ちなみに輸送過程で外からの入熱を完全に断ち切ることは不可能であるため、ガス化(Boil Off Gas : BOG)が生じます。

蒸発したガスはガスエンジンに送られCarrierの動力に使われるか、ボイラにて船員の生活熱源として使用されます。

LNGブームに伴い世界での消費量が増えていることから、Carrierは年々大型化が進み、近年では20万m3を超えるお化けのようなLNG船が用いられるようになってきました。

主なプレーヤー
  • 国内海運会社(日本郵船、商船三井、川崎汽船)
  • 海外海運会社(Maerskなど)
  • タンク製造技術:GTT

④消費

LNGの消費工程です。

海運輸送を経て国内ターミナルに到着すると、その後、LNGは蒸発器にかけられガスパイプを通してユーザーに届けられます。

主な用途は下記の通り

  • ガス火力発電
  • 都市ガス(生活用)
  • 産業ガス(工場熱源)

3.11以降、原子力発電がストップしたことにより、日本の電源構成における火力発電の比率が増しました。

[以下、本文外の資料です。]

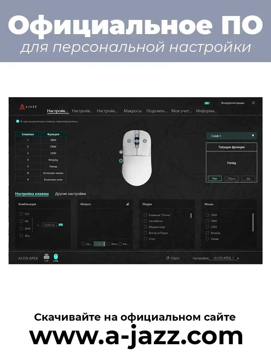 - Гибкая настройка параметров через фирменное ПО Ajazz:
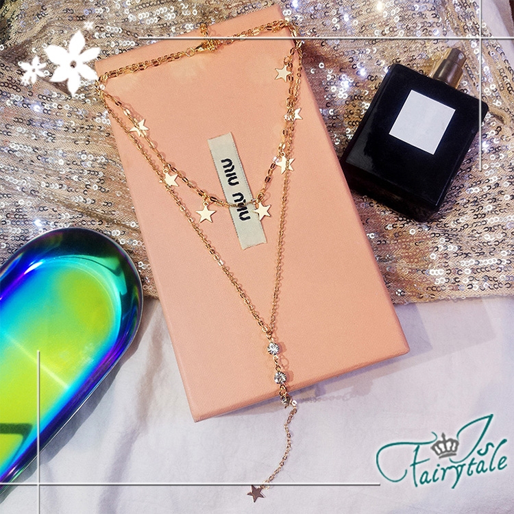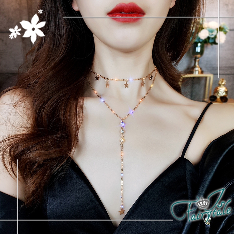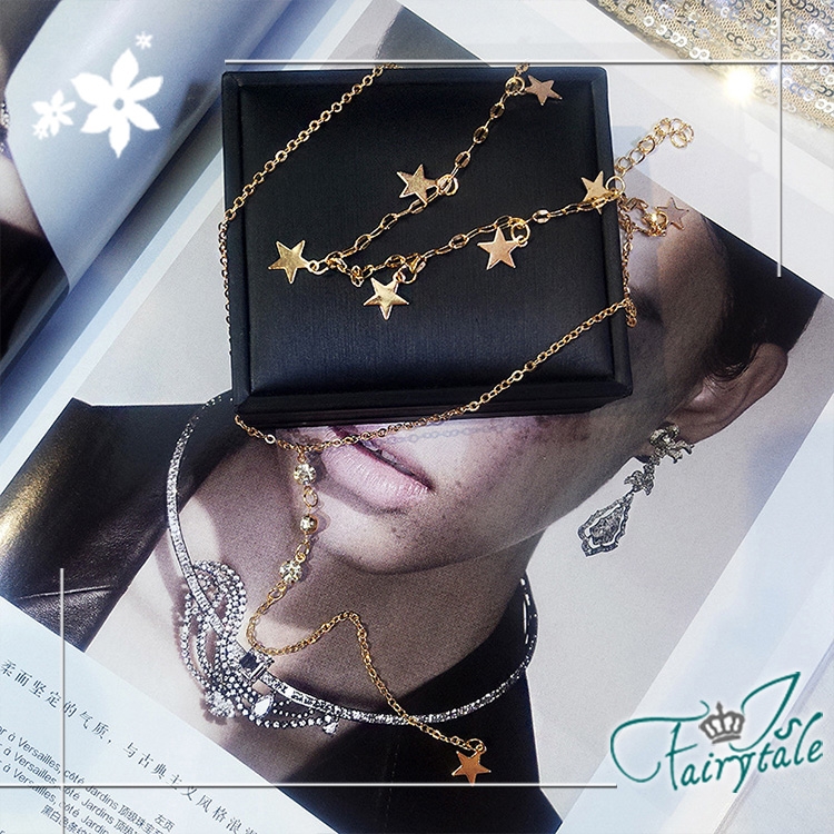 性感雙層鎖骨鍊款式,搭配星星與水鑽交錯,

今でこそ太陽光発電が台頭してきてはいるものの、まだまだLNG依存からは抜け出せそうにありません。

まとめ

いかがでしたでしょうか?

今回は液化天然ガス(LNG)全体のサプライチェーンを見てきましたが、次回は液化工程の技術についてより詳細に解説したいと思います。

それでは最後まで読んで頂きありがとうございました。